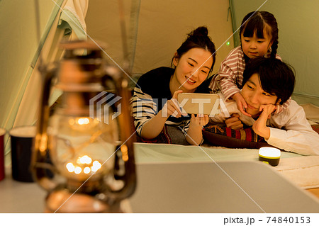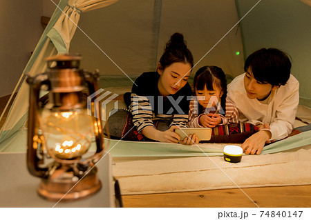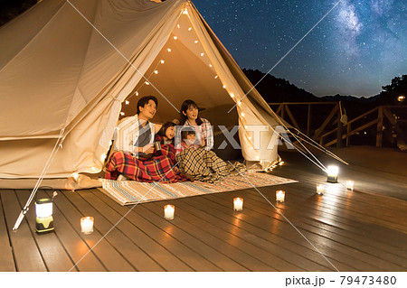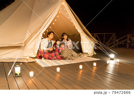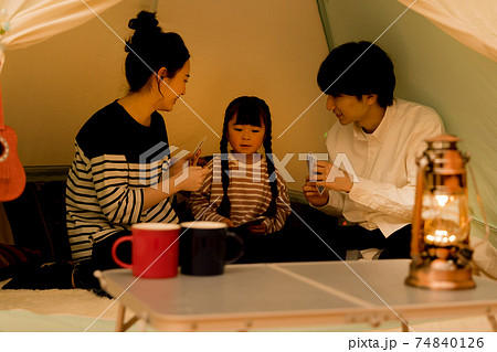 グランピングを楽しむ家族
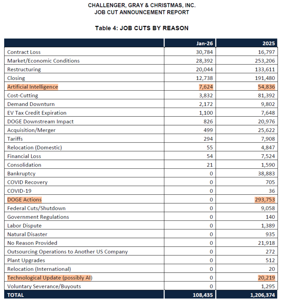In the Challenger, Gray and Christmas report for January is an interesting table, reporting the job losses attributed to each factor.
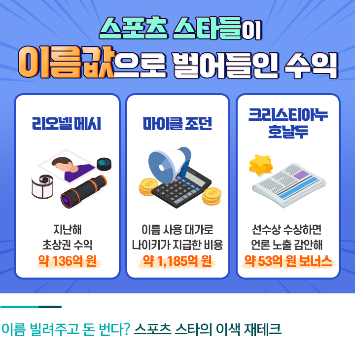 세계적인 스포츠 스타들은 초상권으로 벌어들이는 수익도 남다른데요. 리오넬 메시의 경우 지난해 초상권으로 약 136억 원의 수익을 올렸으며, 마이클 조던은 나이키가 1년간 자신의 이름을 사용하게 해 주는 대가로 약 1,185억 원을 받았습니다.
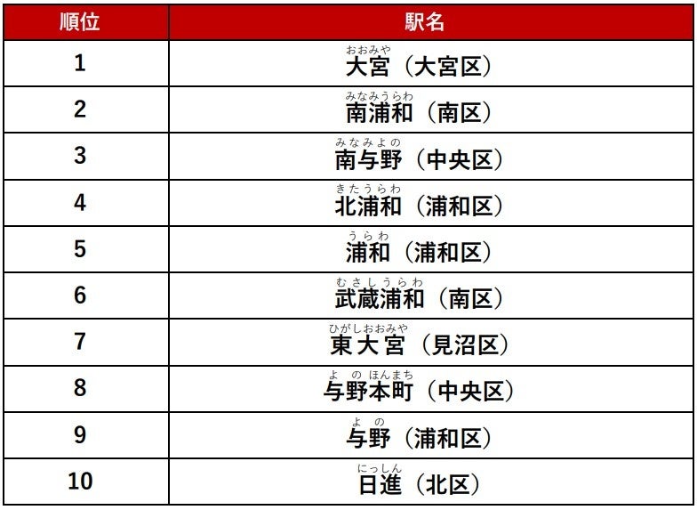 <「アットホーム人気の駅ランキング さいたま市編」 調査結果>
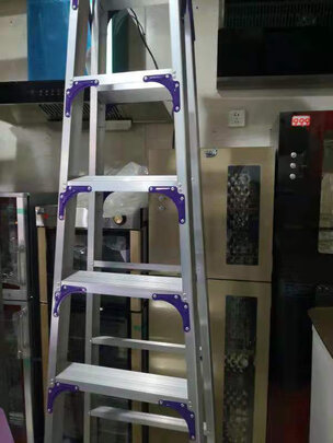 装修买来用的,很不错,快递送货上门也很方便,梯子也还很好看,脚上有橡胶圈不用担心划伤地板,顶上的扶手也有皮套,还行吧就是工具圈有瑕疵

--*--

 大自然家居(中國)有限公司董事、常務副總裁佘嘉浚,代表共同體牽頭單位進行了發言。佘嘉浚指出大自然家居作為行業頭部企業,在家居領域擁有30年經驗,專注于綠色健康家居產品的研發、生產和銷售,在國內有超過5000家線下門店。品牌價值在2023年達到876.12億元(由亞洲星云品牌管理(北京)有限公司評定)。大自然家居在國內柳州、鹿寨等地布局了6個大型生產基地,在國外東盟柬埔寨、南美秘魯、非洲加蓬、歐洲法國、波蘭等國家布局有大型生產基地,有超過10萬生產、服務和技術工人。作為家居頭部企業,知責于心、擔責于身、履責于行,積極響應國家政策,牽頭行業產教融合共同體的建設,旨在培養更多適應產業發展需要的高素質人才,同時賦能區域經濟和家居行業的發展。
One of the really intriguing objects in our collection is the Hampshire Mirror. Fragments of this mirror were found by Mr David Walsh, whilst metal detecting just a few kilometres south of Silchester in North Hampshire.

--*--

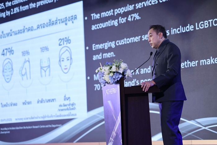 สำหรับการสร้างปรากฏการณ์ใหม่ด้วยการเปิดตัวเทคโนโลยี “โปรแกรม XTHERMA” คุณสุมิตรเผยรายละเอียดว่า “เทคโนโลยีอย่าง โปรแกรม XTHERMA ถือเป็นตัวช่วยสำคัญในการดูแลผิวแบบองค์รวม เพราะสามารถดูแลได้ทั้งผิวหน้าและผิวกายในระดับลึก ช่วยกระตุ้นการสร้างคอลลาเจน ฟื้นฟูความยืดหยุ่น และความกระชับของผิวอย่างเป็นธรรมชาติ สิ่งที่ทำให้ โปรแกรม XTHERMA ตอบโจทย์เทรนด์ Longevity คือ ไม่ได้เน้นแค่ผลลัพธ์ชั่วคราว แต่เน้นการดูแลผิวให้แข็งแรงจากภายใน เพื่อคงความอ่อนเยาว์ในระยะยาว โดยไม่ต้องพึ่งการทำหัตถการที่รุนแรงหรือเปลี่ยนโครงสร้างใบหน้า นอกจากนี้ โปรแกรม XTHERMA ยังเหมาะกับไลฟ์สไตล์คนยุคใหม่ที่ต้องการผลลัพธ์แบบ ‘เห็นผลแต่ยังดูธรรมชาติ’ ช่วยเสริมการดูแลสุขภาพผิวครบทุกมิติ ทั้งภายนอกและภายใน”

--*--

▶ WHAT THIS TASK INVOLVES
What is wanted is an exact copy of the lines above from the one containing "<「アットホーム人気の駅ランキング さいたま市編」 調査結果>" through the one containing "装修买来用的,很不错,快递送", with no pictures in it.

▶ TASK SOLUTION
 <「アットホーム人気の駅ランキング さいたま市編」 調査結果>
 装修买来用的,很不错,快递送货上门也很方便,梯子也还很好看,脚上有橡胶圈不用担心划伤地板,顶上的扶手也有皮套,还行吧就是工具圈有瑕疵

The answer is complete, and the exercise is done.